We are Ipsos Askia, we are passionate about technology and insights. Ipsos Askia's ambition is to power Ipsos with tailored solutions that generate actionable insights and unlock business growth.

We are a team of 65+ people working across France, Germany, Romania and the UK. What truly sets us apart is our culture of empowerment and ownership, harmoniously working together to create value. Our continuous quest for innovative solutions is aimed at proactively meeting the needs of the business.

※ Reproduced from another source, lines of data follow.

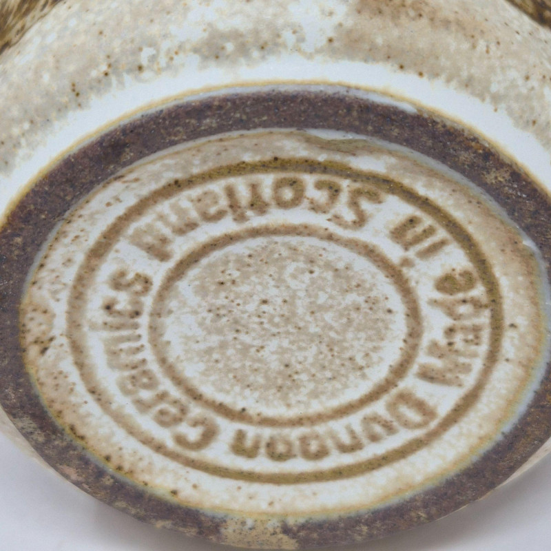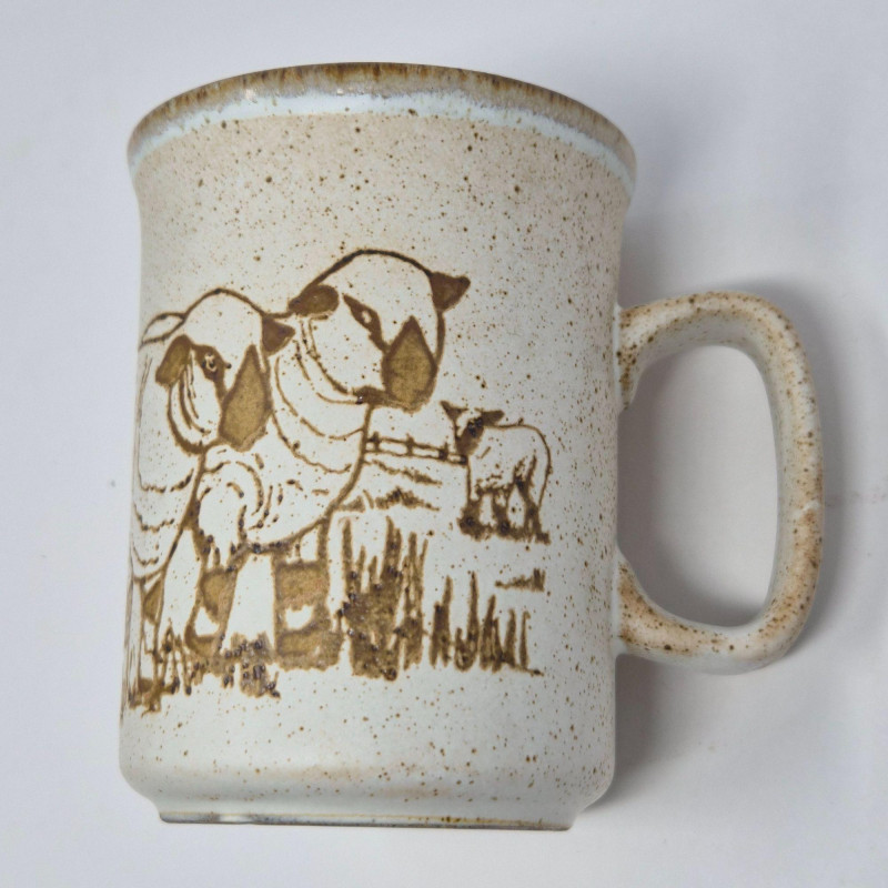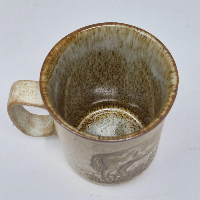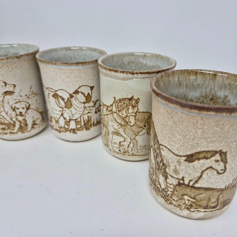 Set of seven Dunoon Ceramics mugs made in Scotland, each featuring rustic farm and countryside illustrations in warm sepia tones. Speckled stoneware glaze with pastoral scenes including horses, cattle, pigs, and rural landscapes. Classic Dunoon craftsmanship with a handmade aesthetic and stamped maker’s mark on the base. Offered as shown; see photos for designs and details. **This lot qualifies for shipping**
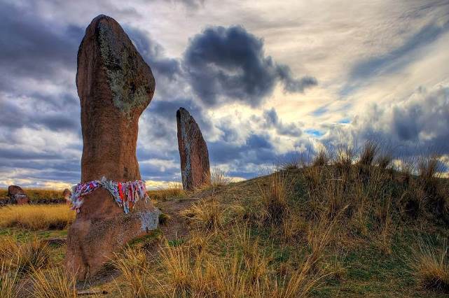 Автор: Елисеев ИльяХакасская степь вся утыкана археологическими памятниками: курганы, могильники, менгиры, остатки древних сооружений - и так далее вплоть до горизонта. На 100 километров пути обязательно не раз и не два встретится какое-нибудь захоронение, которое видно даже полному профану в исторических науках. Не удивлюсь, если треть местных холмиков и сопок имеют искусственное происхождение, и внутри обязательно кто-то да похоронен. Оно, конечно, неудивительно - в этих степях люди жили как минимум с неолита (предки Окуневской культуры), а может и раньше.
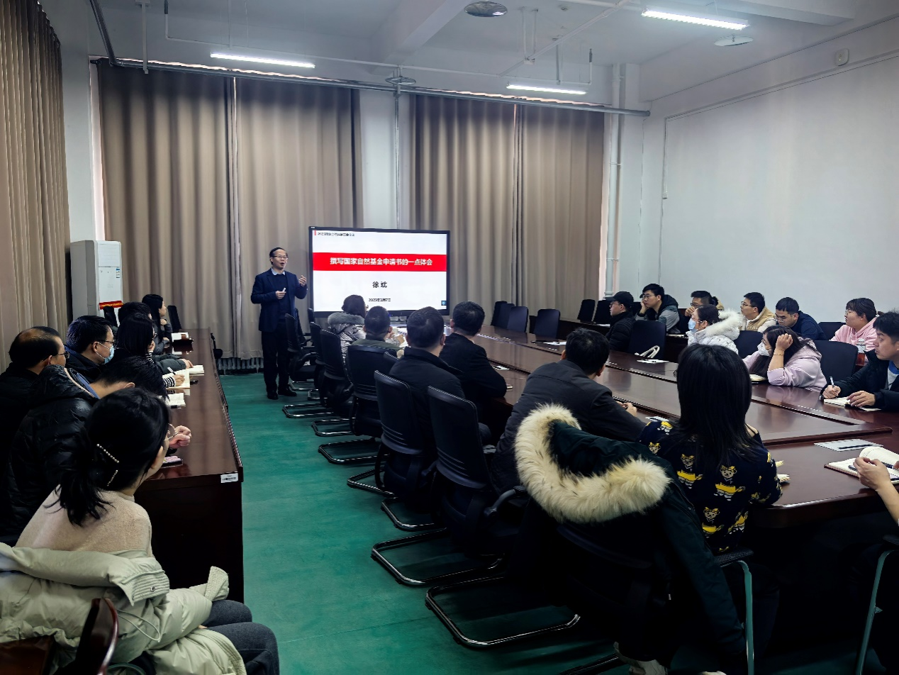 报告会上,徐斌教授从国科金的定位与要求、资助体系升级及现状、申请书撰写及形式审查、基金评审的要点和程序等方面进行了细致深入的讲解。徐斌教授结合自身丰富的申报经验和实例,详细剖析了基金申报过程中常见的问题,如基金不中的主要原因、项目选题和立项依据中的注意事项、国内外研究现状中易出现的问题等,并强调了凝练拟解决关键科学问题的重要性。在互动环节,青年教师们踊跃提问,就自己在申报过程中遇到的困惑和问题向徐斌教授请教,徐斌教授耐心细致地一一解答,现场气氛热烈。未来,学院将以学科激发学院创新动力,不断鼓励青年教师从事高水平研究,提高高层次科研项目的申请能力。
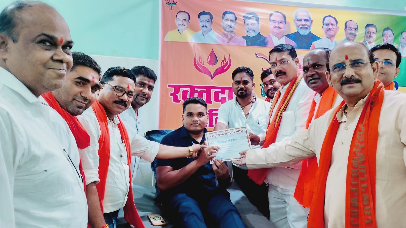 सेवा पखवाड़ा के अंतर्गत हरदीबाजार में आयोजित विधानसभा स्तरीय विशाल रक्तदान शिविर में शामिल हुये भाजपा जिलाध्यक्ष गोपाल मोदी और कटघोरा विधायक श्री प्रेमचंद पटेल।
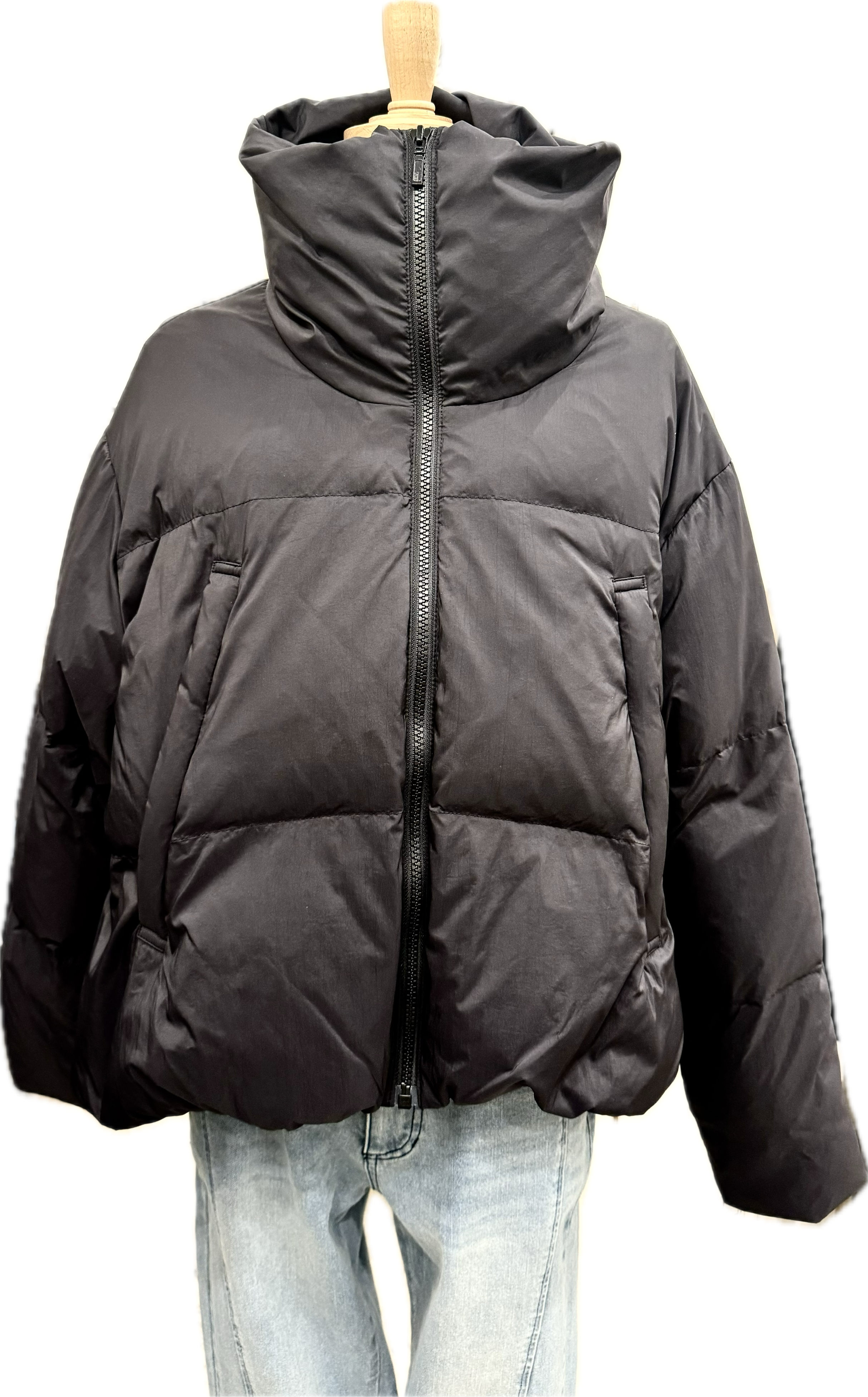 前後で着丈差のある裾が丸みを帯びた女性らしいシルエットのショート丈ダウンコート
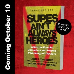 Before I go, a bit of news! If you haven’t seen the announcement yet, we’ve got a new book coming out in October 2023 – it’s a deep dive into the hit Prime Video show ‘The Boys’, with chapters from psychologists, sociologists and media experts about what makes those complicated characters tick and how the show gets away with challenging alot of things that are a problem in real life. Plus exclusive interviews with Jensen Ackles, Jim Beaver, Aya Cash, Nathan Mitchell and the co-creator of the comics, Darick Robertson.

About Ipsos Askia product – NGIE:

Our goal is to make NGIE, our in-house platform, the primary survey data collection tool at Ipsos, replacing the current third-party solution. To achieve this, we are providing tools that collect information from respondents and address research objectives. We are expanding NGIE's capabilities in a scalable way to support business growth. Through daily collaboration and innovation, we steadily build confidence and fully unlock NGIE's potential to meet our clients' needs.

Role summary:

We are seeking a Site Reliability Engineer to join our Ipsos Askia team. This role is ideal for someone who is passionate about creating and implementing automated solutions that enhance software deployment and operational efficiency across cloud platforms. As an SRE, you will be responsible for developing and maintaining the infrastructure, tools, and automation needed to ensure the reliability, scalability, and performance of our systems.

Responsibilities:

Design, implement, and maintain fully automated infrastructure as a code to integrate in a CI/CD pipeline.
Be part of a 24/7 on-call SRE team.
Maintain platforms after launch by measuring and monitoring availability, performance, and overall system status.
Run the production environment by monitoring data availability, latency, and quality, taking a holistic view of system health
Develop the product with emphasis on the link between the end-user and the Product owner;
Troubleshoot, assess and resolve operational challenges and support escalation. Recover platforms during production incidents to meet targeted SLO with the end-users as a priority;
Compile blameless Postmortems with a focus on improving performance moving forward;
Work on the Error Budget with the Product Owner to implement the needed features;
Perform cyclic maintenance and updates of the operational landscape (software versions, patches, support for SW/HW maintenance activities of the provider, etc.);
Proactively identify and implement operational improvements for processes, performance, and reliability;
Handle operations related to monitoring/alerting of SLA-critical production platforms, resolving issues and manual intervention (close cooperation with software development and Ipsos Dev teams);
Ensure reliable operation of applications for projects across the organization, also influence shaping our delivery and mindset, so that IT and good business are aligned;
Provide active support during the design and guidance of developing new services for our platforms. Work as a senior member of a Scrum team;
Participate in the development and execution of the SRE strategy;
Apply the mindset and practices of the software engineer.

Requirements:

4+ years of experience, including DevOps, Software Engineering Site Reliability Engineer (SRE), and on-call rotations, working on highly scalable distributed systems
1+ years of experience with Power Shell scripting and Python
Bachelor’s or master’s degree in computer science or related fields or equivalent experience
Experience working with monitoring systems Zabbix, Prometheus, or similar
Experience using Code Version Control like Git
Experience with orchestration/automation tools (Ansible, Terraform, Packer, etc.)
Experience with container technologies (Docker, Kubernetes)
Experience deploying code using CI/CD tools like GitHub within change management procedures
Experience of working with Jira
Cloud-native application development and Cloud Technologies in GCP, AWS, or Azure
Strong understanding of cloud concepts, on-premises infrastructure, and platforms;
Proven ability to quickly learn new technical domains and then train others;
Great verbal and written communication skills;
Knowledge of web security, networking, and application architecture.